Esta situación no solo es real, también es triste y grave, pero no de generación espontánea. Este accionar repelente, esta podredumbre tiene vigencia y la tiene en la pasividad de una sociedad que se mantiene impertérrita ante capítulos y episodios plenos de inmundicia personal y colectiva. Una sociedad que solo utiliza brújulas que marcan un norte que mantenga la bonanza económica. Una sociedad que poco apoco va cediendo en sus principios y convicciones. Una sociedad que está aprendiendo a sentirse «cómoda» chapoteando en los establos de la sumisión.
Se debiera profundizar en la formación de la mentalidad sumisa, que es desde siempre materia de discusión. Porque lo cierto es que plantea problemas, formula interrogantes, además de posibilitar líneas que permiten profundizar, desde un pensamiento crítico, en los procesos de formación en la opinión político-social. Es decir, eso que, en una democracia formal, y cada cierto tiempo, se concreta en algo que pomposamente denominan, «sufragio universal».
Para combatir la sumisión está el conocimiento y el conocimiento debe ser siempre activo, Y eso, es verdad, exige esfuerzo. Esfuerzo que obliga a poner bajo sospecha toda la información que se recibe, pues la neutralidad de los medios de comunicación no existe, es un mito.
Para combatir la sumisión con éxito, es necesario conocer y analizar la relación entre acción e información. La multiplicación de las mediaciones entre la ciudadanía y los procesos sociales. Las distorsiones mediáticas de la realidad. La compleja interacción entre sumisión y entretenimiento. La mercantilización de los sentimientos. Las contrapartidas psicológicas de la sobre estimulación informativa, etc.
Esto es tristemente así y nadie puede negarlo, pero no son estas «todas» las razones que nos han traído hasta el presente. Un presente que debemos analizar con seriedad y serenidad. Cotejando todos y cada uno de los factores que en los últimos cincuenta años nos han obligado a caminar en círculo. Un círculo de perímetro fluctuante, con subidas y bajadas. Con éxitos y fracasos, pero siempre un círculo.
Ahora que el conjunto del pesebre político, tiene la oportunidad de gestionar la situación generada por la decisión irreversible de ETA respecto a su actividad armada, nos encontramos con una realidad que pocos esperaban; «todo sigue igual». Ahora se sienten cómodos y listos para continuar con su inercia inoperante, pero aquí no hay «maná» posible, ya que −como en otros conflictos políticos similares conocidos en el mundo− no será fácil resolver la ecuación «igualándola a cero».

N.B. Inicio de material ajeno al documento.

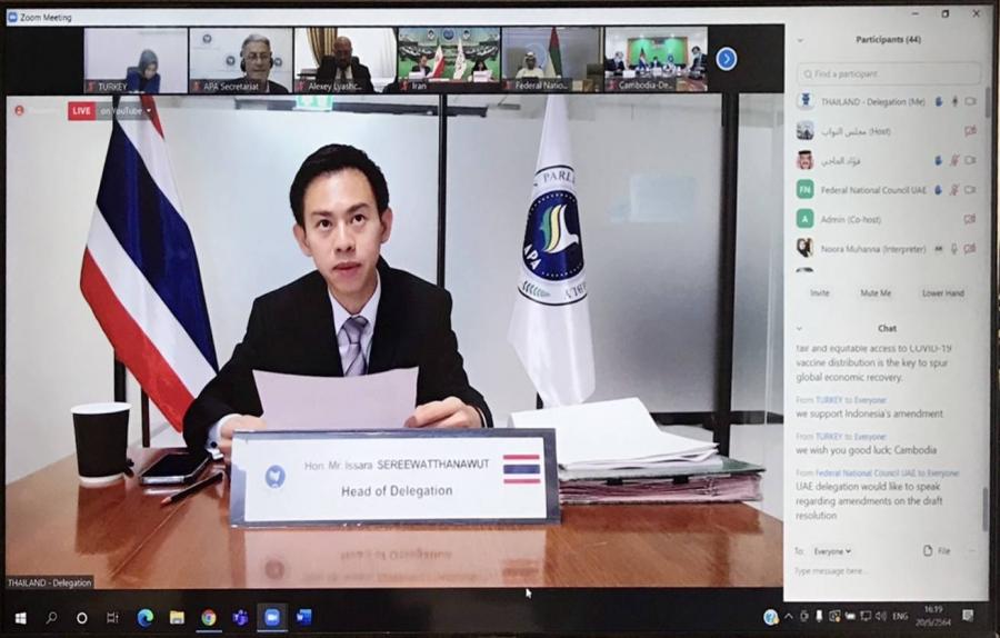 วันพฤหัสบดีที่ 20 พฤษภาคม 2564 เวลา 14.00 นาฬิกา คณะผู้แทนรัฐสภาไทยในการประชุมคณะ กมธ. ว่าด้วยเศรษฐกิจและการพัฒนาที่ยั่งยืนของสมัชชารัฐสภาเอเชีย (Asian Parliamentary Assembly - APA) ประกอบด้วย นายอิสระ เสรีวัฒนวุฒิ สมาชิกสภาผู้แทนราษฎร ในฐานะหัวหน้าคณะผู้แทนรัฐสภาไทย และนายดล เหตระกูล สมาชิกสภาผู้แทนราษฎร ในฐานะผู้แทนรัฐสภาไทย เข้าร่วมการประชุมคณะ กมธ. ว่าด้วยเศรษฐกิจและการพัฒนาที่ยั่งยืนในรูปแบบการประชุมผ่านสื่ออิเล็กทรอนิกส์ ซึ่งมีนาย Ahmed Alsaloom สมาชิกรัฐสภาบาห์เรน ทำหน้าที่ประธานการประชุม ในการนี้ นายอิสระ เสรีวัฒนวุฒิ ได้กล่าวถ้อยแถลงเพื่อแสดงความคิดเห็นในร่างข้อมติฉบับที่ 7 ร่างข้อมติว่าด้วยความริเริ่มทางการเงินเพื่อพัฒนาสภาพภูมิอากาศในภูมิภาคเอเชีย (Draft Resolution on Asian Climate Financial Initiative) ซึ่งเสนอโดยคณะผู้แทนรัสเซียใน APA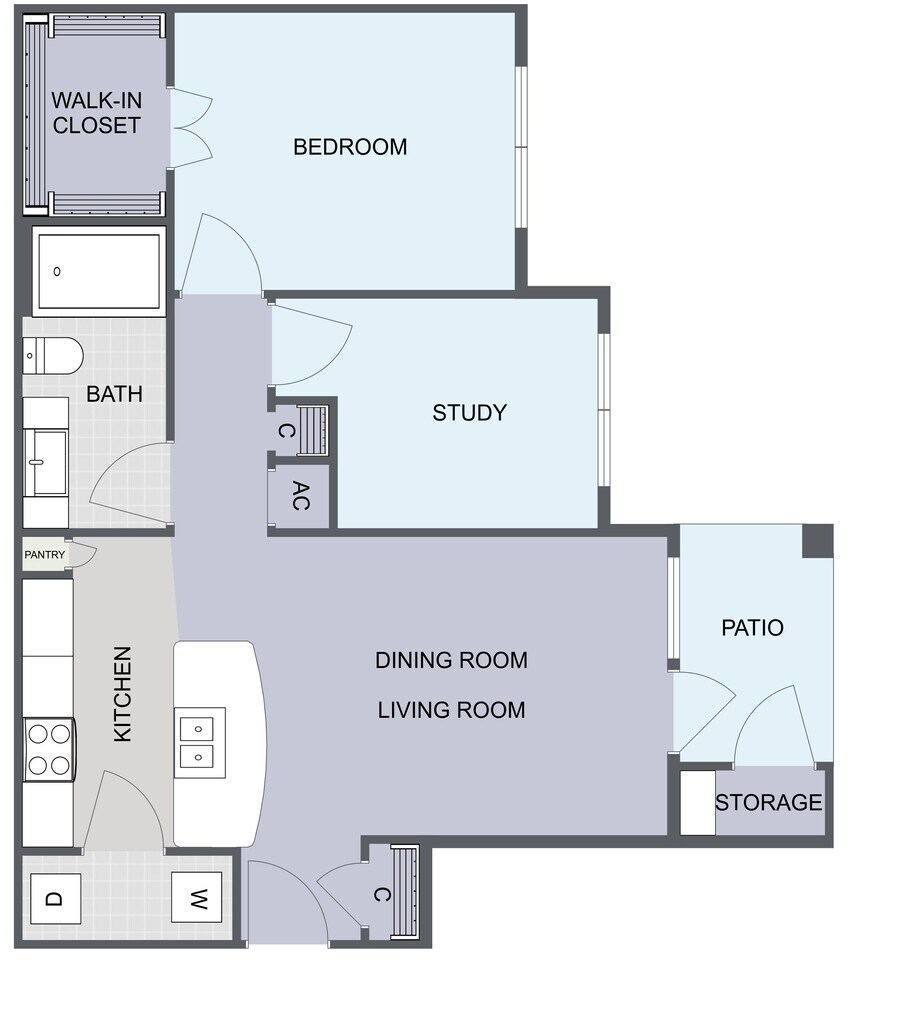 Modelo de apartamento: A1Desde $1,0761 Dormitorio, 1 Baño, 674 sq ftDisponible Ahora![]()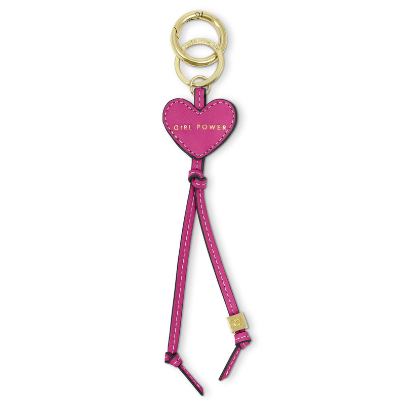 Keyring: Heart Bag Charm Soft Vegan Leather GIRL POWER - Fuchsia - Katie Loxton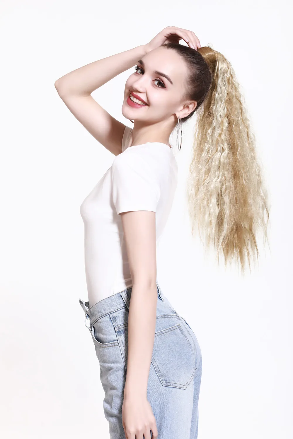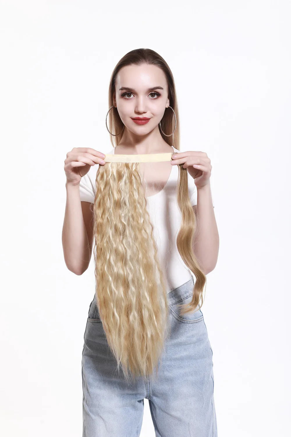 Парик для наращивания волос с зажимом, прямой, кудрявый, длинный, синтетический, накладной хвост, блонд, накладной афро шиньон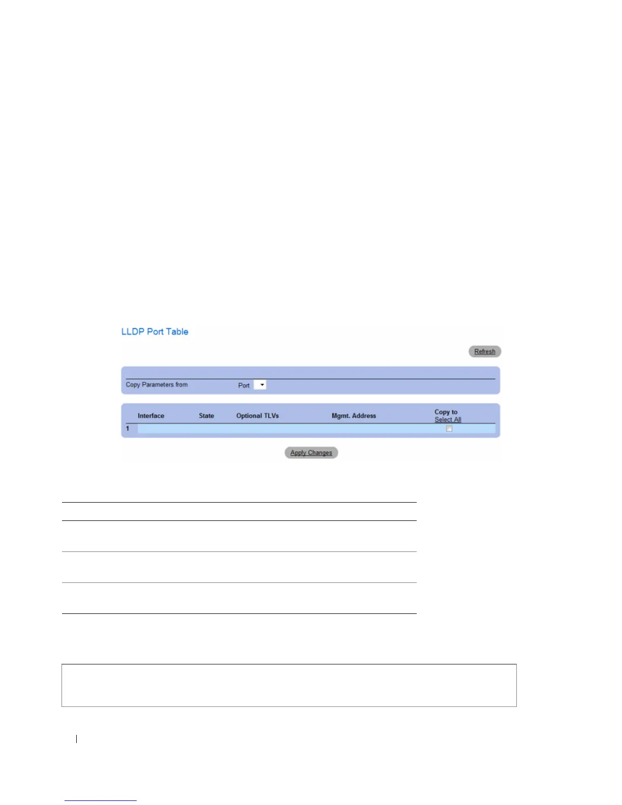 The LLDP Port Table page displays the LLDP Port Configuration. To open the LLDP Port Table,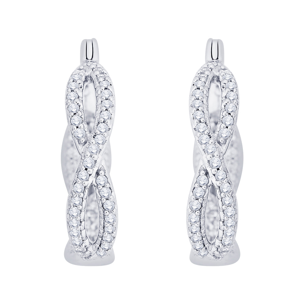 These infinity diamond hoop earrings are delicate and perfect for day to evening wear. The earrings are embellished with intricate infinity shaped detailing throughout. Secured with hinge notched post.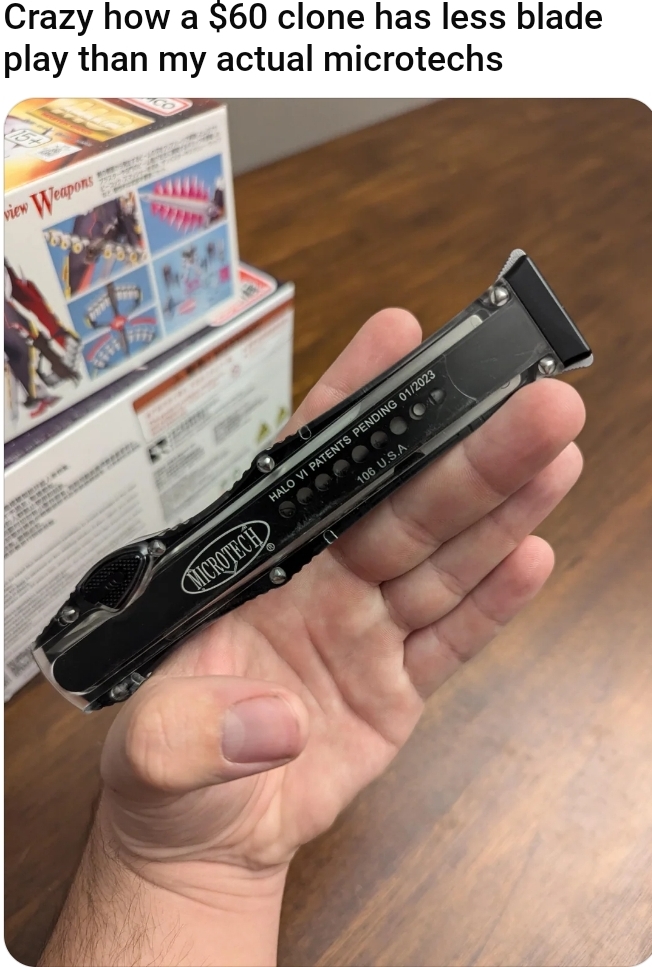 >>967004 В завершение, сравнение с старой версией от Hifinder Так же, держал в руках оригинальный комбатский трудон 3 поколения от микрокека который есть у тикток-чела из лесодома и по отличиям могу сказать только одно: у оригинала совсем незначительно мягче механика. В остальном же - то же самое. Бонусом закину детальное фото серрейтора.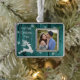 Capture the warmth of the season with this Teal Rustic Christmas Reindeer Framed Photo Ornament, featuring a charming Christmas reindeer and falling snowflakes set against a cosy rustic wood background. The simple layout and festive typography beautifully showcase your favourite photo, making it a heartfelt holiday photo keepsake. Perfect for celebrating our first Christmas and adding a touch of rustic charm to your Christmas decor.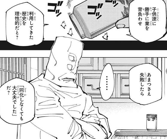 脹相は羂索に興味がないと言い、漠然とオマエに対する殺意が湧いてくる、と言います。羂索は脹相に天元はどこにいる?と、質問しますが、脹相は天元の居場所は答えず、オマエに会いたくないそうだ、と答えます。すると、羂索は、死滅回游は既に役割を終えて、日本にいる非術師の同化前の慣らしは済んでいる、と脹相に教えますが、脹相はその答えを聞き、早すぎると虎杖達の心配をします。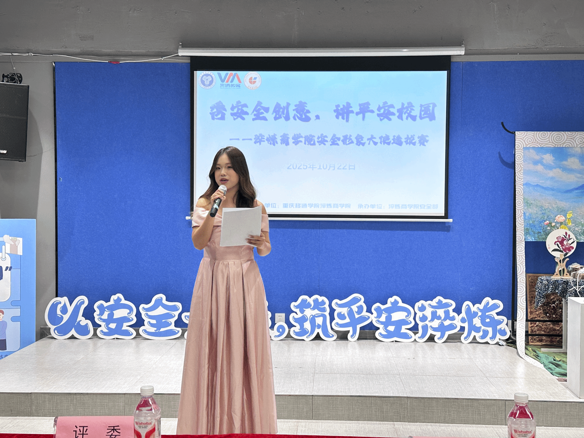 为深化校园安全文化建设,创新安全教育载体,助力青年学生安全责任意识与表达能力的双重提升,重庆移通学院淬炼商学院安全部于2025年10月22日在天空书院长空报告厅举办“秀安全创意,讲平安校园”首届安全形象大使选拔赛。作为淬炼商学院安全文化品牌打造的开篇之作,本次赛事以“创意走秀+主题演讲”为核心形式,为学子搭建起展现青春风采、传递安全理念的舞台,更以榜样力量引领全院师生共绘平安校园新图景,为青年成长注入安全底色。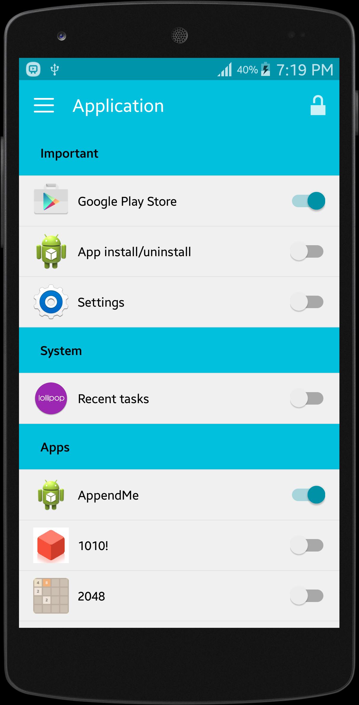 •锁定您的应用程序,例如画廊,联系人,消息,视频,电子邮件等。因此,您可以锁定Android手机上的每个应用程序。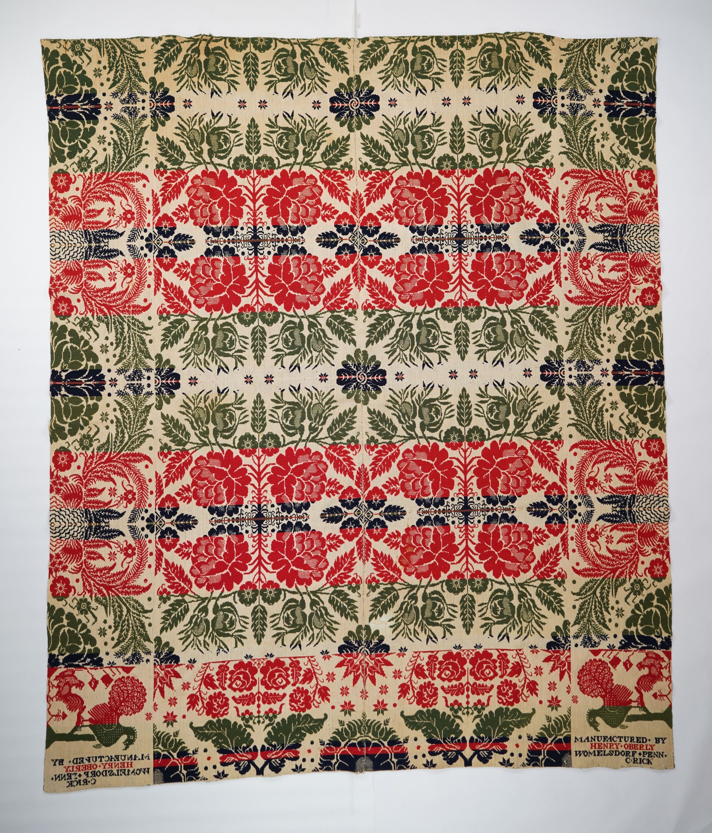 Red, green, navy, and natural figured tied half doublecloth coverlet with border on three sides. Two joined panels. Woven for C. Rick by Henry Oberly in Womelsdorf, Berks Co., Pennsylvania.Collection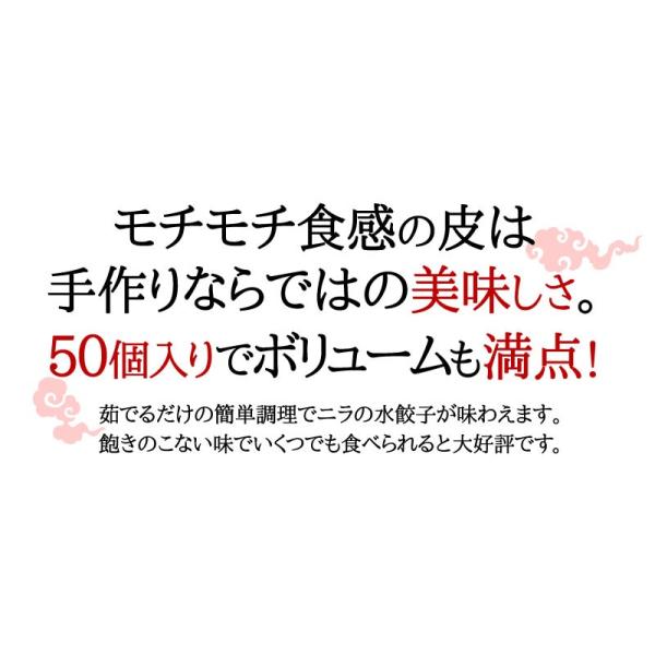 ニラがたっぷり、モチモチの皮が美味しい手作り水餃子。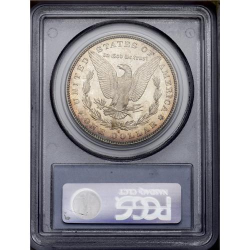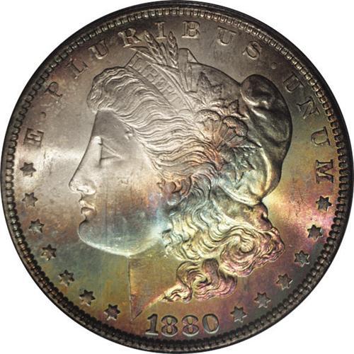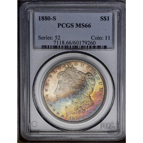 <B>1880-S<img border='0' src='http://www.heritagecoins.com/images/star.gif' width=10 height=10>$1> MS66 PCGS.</B></I> Phenomenal iridescent rainbow toning covers the lower half of the obverse in bands of jade-green, yellow, and fuchsia. Careful scrutiny with a glass reveals few abrasions, aside from a couple of scrapes on the chin and neck. Boldly struck as well, and incredibly appealing. A color lover's dream. <BR><BR><B>Important notice:</B> Heritage usually auctions material at the rate of 200-250 lots per hour. On some occasions eBay Live bid software or the Internet may not be able to keep up with the pace of the auction. We recommend placing a realistic absentee bid now as insurance to avoid disappointment. Occasionally the auctioneer may eliminate or reject an eBay Live bid, and the auctioneer may also reopen a lot after the close of the eBay live bidding (usually because we missed an audience bid), and may reject your bid even if it shows you as the winning bidder. By bidding via eBay Live, you agree that Heritage may award the lot to another bidder at its sole discretion under the circumstances described above or any other reasonable circumstances. Since eBay bids are not shown to us until we open the lot on the floor, we treat those bids just like floor bids. In most cases the floor responds before the eBay bid is presented to us, due to Internet lag time, so for consistency we have made it a policy that floor bids are always considered first over tie eBay live bids. Also please note that all Heritage lots purchased through eBay Live carry a 20% Buyer's Premium. Please make sure you read the Terms and Conditions before you bid. This lot is being auctioned in conjunction with a live floor auction by Heritage Galleries & Auctioneers. All final auction and invoice information will be supplied by Heritage Galleries & Auctioneers, and all other information should be considered preliminary. Lot:3286 <BR><BR><B>Winning Notification and Billing:</B> After the FINAL session in this auction is complete, Heritage will send e-mail and snail mail invoices. This process normally takes several days. All final auction and invoice information will be supplied by Heritage Galleries & Auctioneers, and all other information should be considered preliminary. <BR><BR>This auction will be conducted on a live auction floor and over the Internet through eBay Live. If you choose to place an absentee bid, please take a moment to <font color='#0000ff'><u><a href='http://pages.ebay.com/liveauctions/help/before/laabsentee.html'>learn how eBay Live absentee bidding works</a></u></font><font color='#000000'>

Queda claro, pues, que es un círculo impuesto, propio de un país anacrónico como España. Eso significa que defenderse no es suficiente para avanzar, y para conseguirlo hay que evolucionar, como lo estamos haciendo. Evolucionar para superarlo, para romperlo.
De todas formas, y teniendo presente lo acontecido en el último medio siglo, resulta hermoso contemplar y saborear la fidelidad, fuerza, entereza, sacrificio y generosidad de todas y todos aquellos −que de una u otra manera– han conseguido mantener vivo el proyecto de la izquierda abertzale. Un proyecto que, en contra de lo que algunos vienen afirmando, no nació con vocación opositora. No nació «solo» para influir o colaborar, sino que nació con la vocación y voluntad de gestionar. Nació para convencer, nació para gobernar.